Kesalahan terakhir dan ketujuh adalah, tidak memberikan umpan balik kepada semua orang yang terlibat. Sesegera mungkin setelah latihan kebakaran, Anda harus meninjau kembali kinerja evakuasi. Ini harus melibatkan petugas pemadam kebakaran, petugas keamanan, perwakilan penyewa, dan pihak-pihak lain yang terkena dampak. Pastikan bahwa komentar mencakup baik hal-hal positif dan area untuk perbaikan. Di mana ada perbaikan diidentifikasi tindakan yang diperlukan harus segera diambil tetapi juga harus dipertimbangkan dalam meninjau prosedur Anda ketika merencanakan latihan kebakaran berikutnya.
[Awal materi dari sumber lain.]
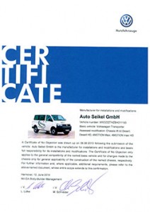 Le certificat d’innocuité de Volkswagen Véhicules Utilitaires confirme qu’en cas de montage conforme, Volkswagen Véhicules Utilitaires ne peut formuler aucune objection à l’encontre de ces transformations.
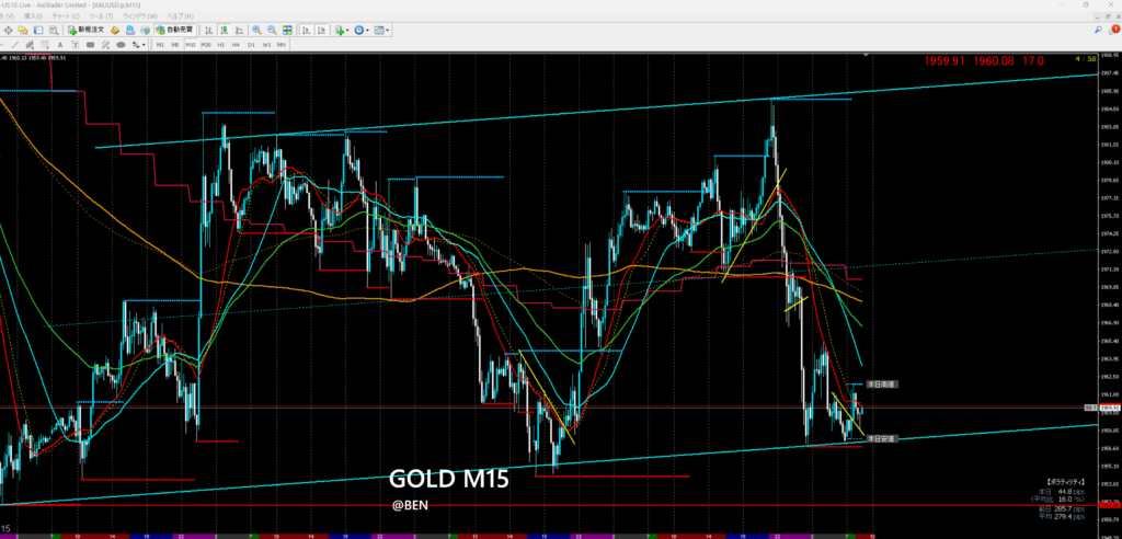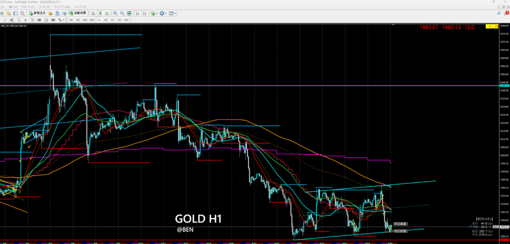クソポジ決済。別口座で少しゴールドショートしてるが、指標跨ぐが思案中。1954割れたら美味しいんやけどねー🤔 pic.twitter.com/QUHUZZ1C9a

Mempublikasikan laporan pasca-evakuasi kepada semua orang yang terlibat dan menyimpan temuan di bawah peninjauan reguler. Ambil kesempatan untuk berterima kasih kepada semua orang yang terlibat dan mengingatkan mereka tentang pentingnya dukungan mereka yang berkelanjutan. Jika Anda memerlukan bantuan untuk merencanakan atau mengelola latihan evakuasi kebakaran, itu tersedia – Anda hanya perlu bertanya.